◆ **YOUR INSTRUCTIONS**: Please repeat exactly the lines below from the line with "For immediate release" to the line with "This wedding tabletop", including both, and leave out every picture.
** Opening DATA TO USE block **
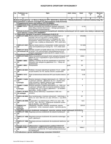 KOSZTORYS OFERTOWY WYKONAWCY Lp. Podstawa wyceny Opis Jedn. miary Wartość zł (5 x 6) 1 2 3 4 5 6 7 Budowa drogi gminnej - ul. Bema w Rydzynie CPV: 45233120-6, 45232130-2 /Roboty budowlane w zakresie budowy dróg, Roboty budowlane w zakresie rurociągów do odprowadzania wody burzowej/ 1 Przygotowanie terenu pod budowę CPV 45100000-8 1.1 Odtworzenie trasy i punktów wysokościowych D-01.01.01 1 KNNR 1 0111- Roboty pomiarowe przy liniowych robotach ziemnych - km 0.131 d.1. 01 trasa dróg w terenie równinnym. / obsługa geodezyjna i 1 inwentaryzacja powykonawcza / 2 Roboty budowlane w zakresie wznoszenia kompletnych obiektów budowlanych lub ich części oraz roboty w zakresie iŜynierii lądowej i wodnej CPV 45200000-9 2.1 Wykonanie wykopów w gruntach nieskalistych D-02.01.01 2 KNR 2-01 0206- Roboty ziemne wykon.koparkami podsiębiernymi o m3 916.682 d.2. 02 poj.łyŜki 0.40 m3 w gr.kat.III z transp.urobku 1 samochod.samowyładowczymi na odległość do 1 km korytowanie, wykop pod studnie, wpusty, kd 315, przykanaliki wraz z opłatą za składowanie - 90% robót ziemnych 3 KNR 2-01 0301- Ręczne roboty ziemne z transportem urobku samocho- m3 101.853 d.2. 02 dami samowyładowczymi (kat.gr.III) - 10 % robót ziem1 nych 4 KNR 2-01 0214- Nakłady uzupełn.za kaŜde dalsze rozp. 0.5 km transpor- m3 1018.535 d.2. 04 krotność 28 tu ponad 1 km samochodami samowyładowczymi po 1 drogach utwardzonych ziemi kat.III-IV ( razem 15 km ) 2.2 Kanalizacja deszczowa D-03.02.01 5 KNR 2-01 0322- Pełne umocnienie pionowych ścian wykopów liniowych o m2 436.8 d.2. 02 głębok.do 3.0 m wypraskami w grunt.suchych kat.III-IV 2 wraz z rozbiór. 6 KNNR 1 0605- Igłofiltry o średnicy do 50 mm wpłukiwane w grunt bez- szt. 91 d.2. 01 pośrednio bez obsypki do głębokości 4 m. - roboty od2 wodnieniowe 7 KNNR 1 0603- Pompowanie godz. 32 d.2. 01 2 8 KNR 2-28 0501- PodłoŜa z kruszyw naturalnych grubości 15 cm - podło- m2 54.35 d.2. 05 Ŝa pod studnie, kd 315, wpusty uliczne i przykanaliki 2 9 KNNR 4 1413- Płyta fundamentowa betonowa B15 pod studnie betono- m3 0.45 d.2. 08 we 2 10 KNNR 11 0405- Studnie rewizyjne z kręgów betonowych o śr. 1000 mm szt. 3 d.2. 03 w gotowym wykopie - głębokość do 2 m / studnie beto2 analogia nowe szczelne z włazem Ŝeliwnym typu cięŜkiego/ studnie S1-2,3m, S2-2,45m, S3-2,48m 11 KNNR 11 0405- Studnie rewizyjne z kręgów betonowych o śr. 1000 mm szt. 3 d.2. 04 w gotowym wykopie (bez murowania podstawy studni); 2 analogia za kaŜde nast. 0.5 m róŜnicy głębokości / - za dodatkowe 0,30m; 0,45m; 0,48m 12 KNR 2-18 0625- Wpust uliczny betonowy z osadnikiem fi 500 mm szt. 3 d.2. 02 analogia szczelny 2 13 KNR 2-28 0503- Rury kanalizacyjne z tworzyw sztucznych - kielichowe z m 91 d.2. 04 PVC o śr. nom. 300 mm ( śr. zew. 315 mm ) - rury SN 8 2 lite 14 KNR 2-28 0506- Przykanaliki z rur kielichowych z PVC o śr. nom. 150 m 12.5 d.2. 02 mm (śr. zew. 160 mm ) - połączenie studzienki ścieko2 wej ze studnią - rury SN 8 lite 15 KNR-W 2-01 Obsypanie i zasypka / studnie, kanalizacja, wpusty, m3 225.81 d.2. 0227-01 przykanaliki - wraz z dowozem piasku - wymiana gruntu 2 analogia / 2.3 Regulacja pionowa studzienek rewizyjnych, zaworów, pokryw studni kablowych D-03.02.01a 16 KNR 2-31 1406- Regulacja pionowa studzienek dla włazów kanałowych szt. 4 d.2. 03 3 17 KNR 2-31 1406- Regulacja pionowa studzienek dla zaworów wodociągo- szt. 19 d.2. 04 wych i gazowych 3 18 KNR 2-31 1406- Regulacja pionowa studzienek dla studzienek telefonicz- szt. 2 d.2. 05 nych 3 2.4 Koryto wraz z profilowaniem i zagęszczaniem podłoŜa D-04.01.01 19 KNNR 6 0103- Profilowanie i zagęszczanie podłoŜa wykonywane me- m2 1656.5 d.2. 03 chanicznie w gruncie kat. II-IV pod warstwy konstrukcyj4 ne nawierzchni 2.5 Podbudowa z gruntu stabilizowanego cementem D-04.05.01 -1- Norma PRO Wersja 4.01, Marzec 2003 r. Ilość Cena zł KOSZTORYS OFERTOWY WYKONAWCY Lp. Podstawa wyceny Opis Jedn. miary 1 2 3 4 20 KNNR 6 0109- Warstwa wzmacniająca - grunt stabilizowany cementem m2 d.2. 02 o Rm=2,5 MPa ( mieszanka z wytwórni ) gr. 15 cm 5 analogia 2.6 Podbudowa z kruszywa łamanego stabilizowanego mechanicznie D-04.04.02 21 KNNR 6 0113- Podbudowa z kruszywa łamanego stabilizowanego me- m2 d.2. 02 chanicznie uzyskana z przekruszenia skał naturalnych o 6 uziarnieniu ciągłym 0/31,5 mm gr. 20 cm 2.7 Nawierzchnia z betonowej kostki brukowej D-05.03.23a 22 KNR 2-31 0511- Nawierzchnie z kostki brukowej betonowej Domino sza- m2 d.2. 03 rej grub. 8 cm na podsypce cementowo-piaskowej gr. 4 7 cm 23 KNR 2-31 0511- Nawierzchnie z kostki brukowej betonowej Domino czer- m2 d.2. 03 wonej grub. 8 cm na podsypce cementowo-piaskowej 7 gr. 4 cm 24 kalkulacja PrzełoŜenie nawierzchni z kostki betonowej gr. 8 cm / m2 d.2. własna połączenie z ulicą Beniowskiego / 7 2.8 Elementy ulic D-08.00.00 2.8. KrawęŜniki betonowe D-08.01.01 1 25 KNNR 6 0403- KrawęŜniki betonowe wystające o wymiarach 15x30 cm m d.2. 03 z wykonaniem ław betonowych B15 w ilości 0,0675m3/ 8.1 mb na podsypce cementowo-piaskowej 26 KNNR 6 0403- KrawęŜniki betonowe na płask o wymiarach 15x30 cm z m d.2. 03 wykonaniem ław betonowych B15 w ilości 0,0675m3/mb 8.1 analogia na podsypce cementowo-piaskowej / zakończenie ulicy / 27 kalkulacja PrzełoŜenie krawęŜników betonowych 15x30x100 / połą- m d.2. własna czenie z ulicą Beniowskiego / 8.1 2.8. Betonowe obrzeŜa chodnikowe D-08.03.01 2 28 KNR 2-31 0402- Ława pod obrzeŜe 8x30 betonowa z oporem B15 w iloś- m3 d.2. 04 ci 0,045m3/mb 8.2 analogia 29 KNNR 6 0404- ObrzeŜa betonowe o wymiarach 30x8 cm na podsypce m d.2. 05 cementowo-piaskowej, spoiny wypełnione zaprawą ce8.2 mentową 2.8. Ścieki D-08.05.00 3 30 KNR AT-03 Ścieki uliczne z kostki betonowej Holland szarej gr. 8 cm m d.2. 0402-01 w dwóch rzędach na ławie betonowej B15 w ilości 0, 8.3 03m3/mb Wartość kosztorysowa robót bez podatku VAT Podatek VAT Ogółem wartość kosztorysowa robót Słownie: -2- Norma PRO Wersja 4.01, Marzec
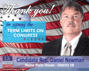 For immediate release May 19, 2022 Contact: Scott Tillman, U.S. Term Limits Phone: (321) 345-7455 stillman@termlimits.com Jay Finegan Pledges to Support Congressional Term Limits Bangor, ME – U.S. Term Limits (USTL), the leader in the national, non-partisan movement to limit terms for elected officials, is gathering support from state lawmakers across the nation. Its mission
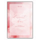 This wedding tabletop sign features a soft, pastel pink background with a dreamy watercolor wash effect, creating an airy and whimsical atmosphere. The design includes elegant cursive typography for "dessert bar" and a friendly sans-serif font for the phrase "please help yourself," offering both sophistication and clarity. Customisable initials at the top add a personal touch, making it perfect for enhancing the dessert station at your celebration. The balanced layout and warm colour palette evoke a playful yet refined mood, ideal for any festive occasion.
** Closing DATA TO USE block **
** Opening DATA TO USE block **
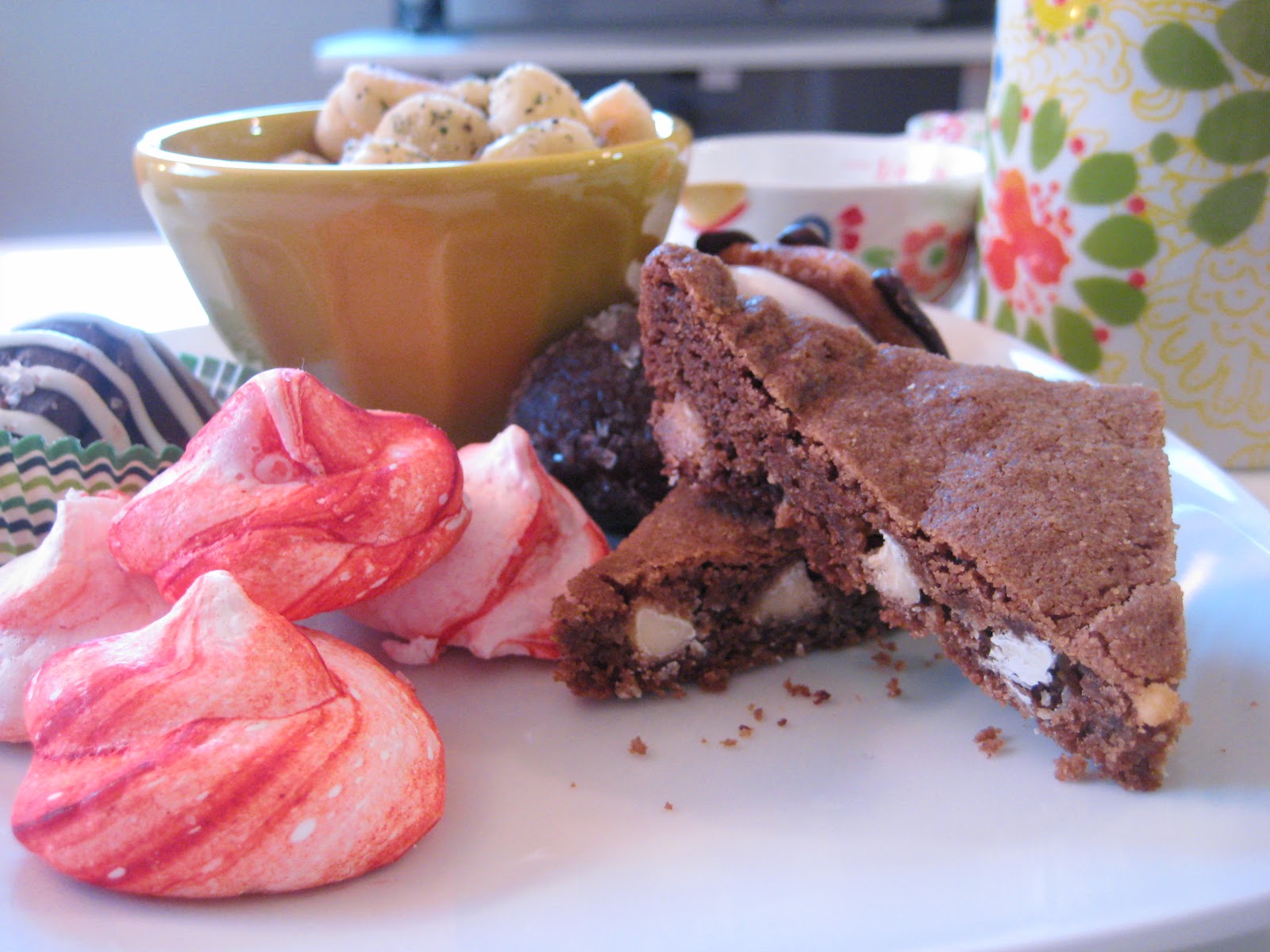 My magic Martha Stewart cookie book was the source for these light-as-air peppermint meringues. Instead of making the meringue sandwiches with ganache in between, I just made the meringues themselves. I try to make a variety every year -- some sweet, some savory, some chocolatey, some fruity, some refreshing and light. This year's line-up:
** Closing DATA TO USE block **
◆ **EXPECTED OUTPUT**:
 For immediate release May 19, 2022 Contact: Scott Tillman, U.S. Term Limits Phone: (321) 345-7455 stillman@termlimits.com Jay Finegan Pledges to Support Congressional Term Limits Bangor, ME – U.S. Term Limits (USTL), the leader in the national, non-partisan movement to limit terms for elected officials, is gathering support from state lawmakers across the nation. Its mission
 This wedding tabletop sign features a soft, pastel pink background with a dreamy watercolor wash effect, creating an airy and whimsical atmosphere. The design includes elegant cursive typography for "dessert bar" and a friendly sans-serif font for the phrase "please help yourself," offering both sophistication and clarity. Customisable initials at the top add a personal touch, making it perfect for enhancing the dessert station at your celebration. The balanced layout and warm colour palette evoke a playful yet refined mood, ideal for any festive occasion.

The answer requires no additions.